28 June 2019
Since its return to Chinese sovereignty 22 years ago, Hong Kong has been governed by the “one country, two systems” framework, under which it enjoys a high degree of autonomy and practises separate economic, legal, and social systems from those of China. The framework is underpinned by the Sino-British Joint Declaration, an international treaty, and elaborated in Hong Kong’s post-handover constitutional document, the Basic Law. The framework has been considered a constitutional experiment: it seeks to preserve a liberal pocket within a socialist party state, an ambition that is unprecedented. That experiment has not been plain sailing.

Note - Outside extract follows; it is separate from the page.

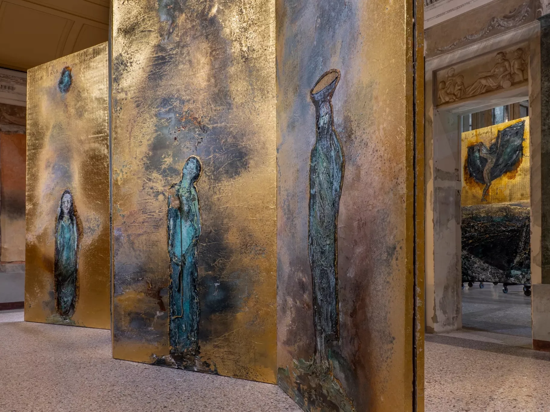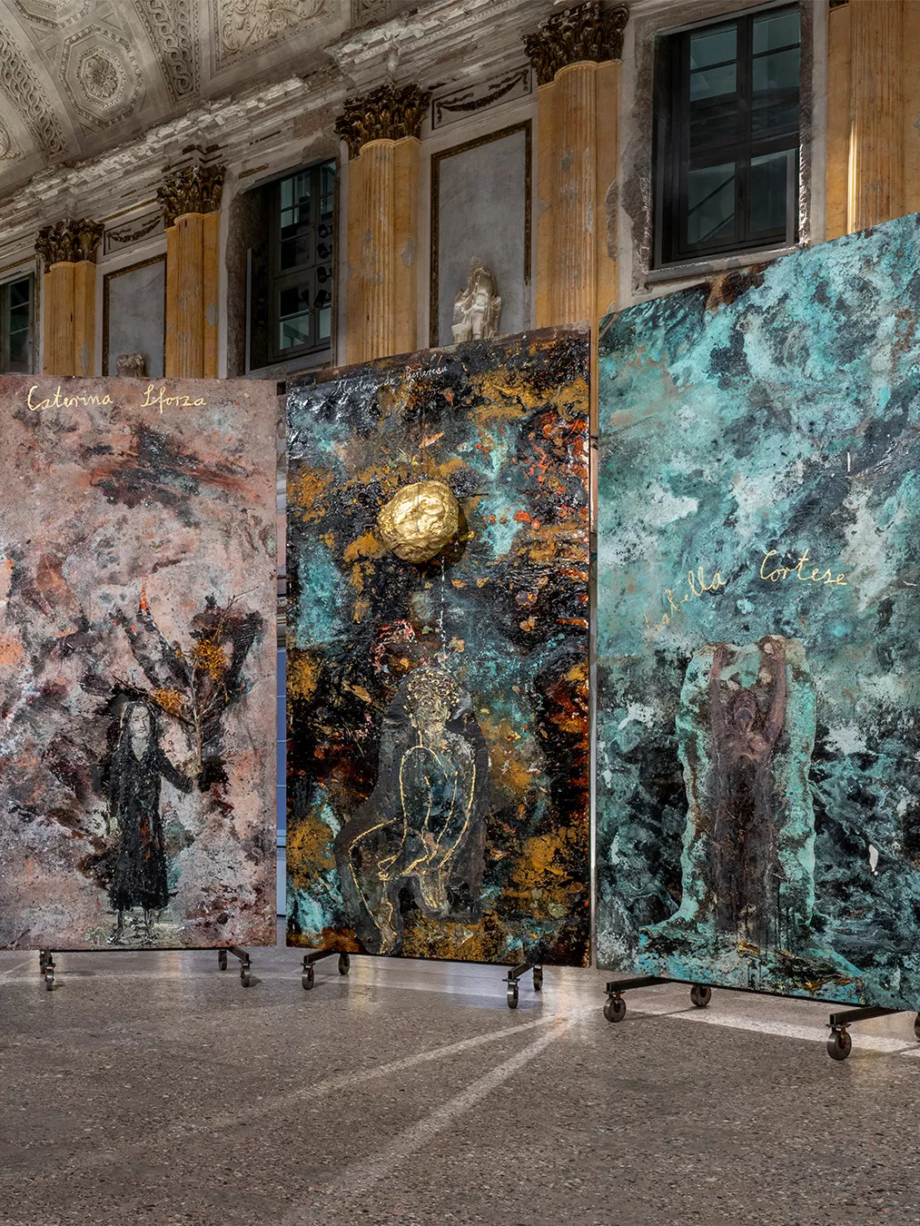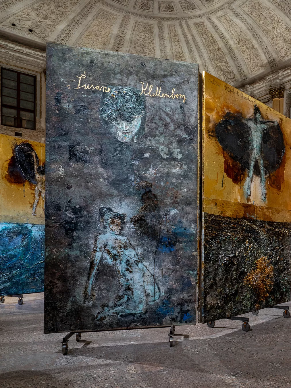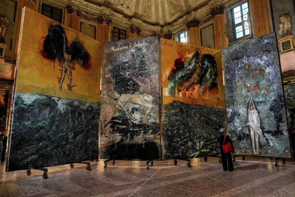 В общем, именно эти женщины, известные и почти забытые, стали героинями выставки Кифера «Алхимички», которая идет до конца сентября в Королевском дворце в Милане. Огромные полотна мастера выставлены в «Зале кариатид», который хранит память о разрушении после бомбардировок 1943 года.

The tensions between Leninist authoritarian and liberal constitutionalist ideas within the framework have been manifested at the social, institutional, and constitutional levels, calling into question the viability of maintaining two such highly divergent visions of constitutionalism within one sovereign roof on a long-term basis.1)

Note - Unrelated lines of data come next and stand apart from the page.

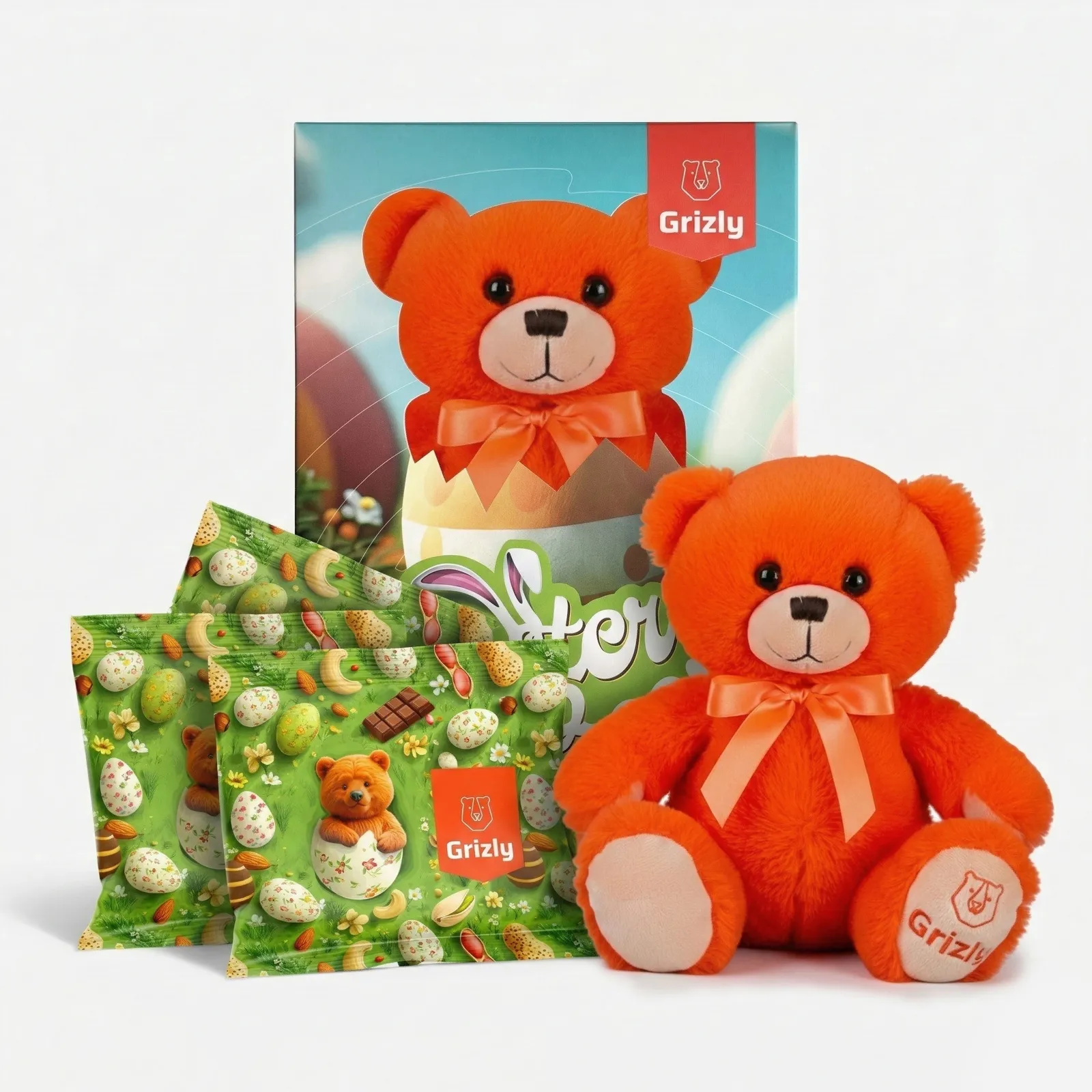 GRIZLY Oster-Geschenkset für Kinder: Kuschelbär & süße Leckereien, 400 g
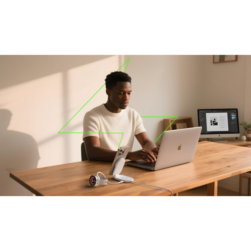 Заряджайте два пристрої одночасно швидко та безпечно завдяки сертифікованій технології Qi2 25 Вт. За 29 хв iPhone заряджається від 0 до 50 %, а AirPods отримують бездротове живлення до 5 Вт. Додатково вбудований USB-C порт 5 Вт дає змогу зарядити смартчаси. Технологія ChillBoost з пасивним охолодженням знижує нагрівання під час швидкого заряджання, зберігаючи оптимальний стан батареї. А завдяки складному, легкому та портативному дизайну зарядну станцію зручно брати з собою – вона перетворює будь-яку поверхню на зарядний хаб.
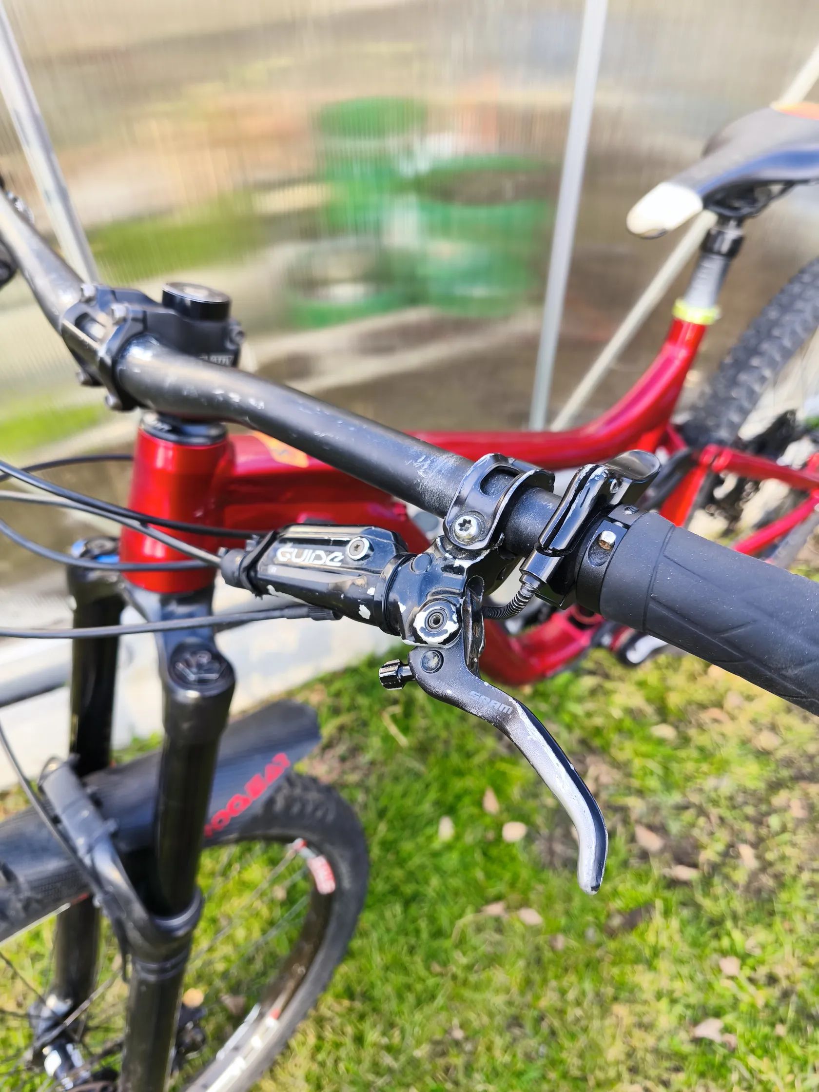Sram Guide + kotouče Magura 203/180 mm (vzadu nový kotouč a destičky) – silné brzdění pro sjezdy
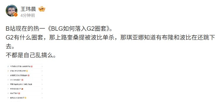 10月19日讯 媒体人王玮晨发文吐槽B站热搜词条“BLG如何落入G2圈套”:
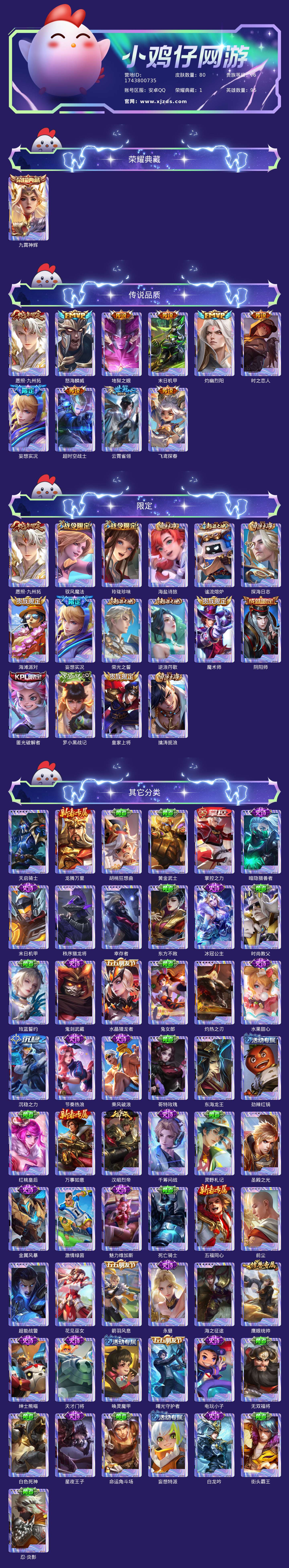 贵族等级:v6皮肤数:80传说品质10 生肖限定1 荣耀典藏1 英雄数:95
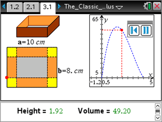 The Box_Problem_Calculus.tns document takes a classic problem from calculus and uses the dynamic linking capabilities of TI-Nspire Technology to enact the problem in multiple representations: diagrammatic, graphic, numeric, geometric and symbolic. The problem is posed on the title screen shown at the right.

Until June 2019, the largest demonstrations seen in post-handover Hong Kong were the 2003 demonstrations against the introduction of a national security law and the 2014 protests against Beijing’s refusal to grant genuine universal suffrage, the latter of which became known internationally as the “Umbrella Movement”. Both were responses to Beijing’s attempts to curb Hong Kong’s autonomy and freedoms to protect its own broad conceptions of sovereignty and security. Both revolved around constitutional questions that go to the heart of whether it is possible to sustain Hong Kong’s liberal status while maintaining Chinese sovereignty. The saga over the Hong Kong government’s proposed legislative amendments to the territory’s extradition laws (“the Bill” hereafter), which led to even larger demonstrations in June, therefore seems atypical of what generally sparks large-scale civil resistance in Hong Kong: it was not a contest between China’s perceived core interests and those of Hong Kong. The Bill was not imposed by China, and does not affect its perceived sovereign prerogatives over Hong Kong. On its face, the Bill (which Beijing supports but has expressly disclaimed ownership of) was introduced to tackle the problem of fugitives from mainland China, Taiwan, and elsewhere hiding out in Hong Kong. The substance of the dispute does not pertain to the viability of the “one country, two systems” governing model. The way in which the saga unfolded, however, reveals flaws in Hong Kong’s political system that, if unrectified, may prove fatal to the model. In this commentary, I first evaluate whether the Bill contains sufficient human rights safeguards, and then analyse why democracy is needed to sustain the “one country, two systems” model... Click here to read the full post.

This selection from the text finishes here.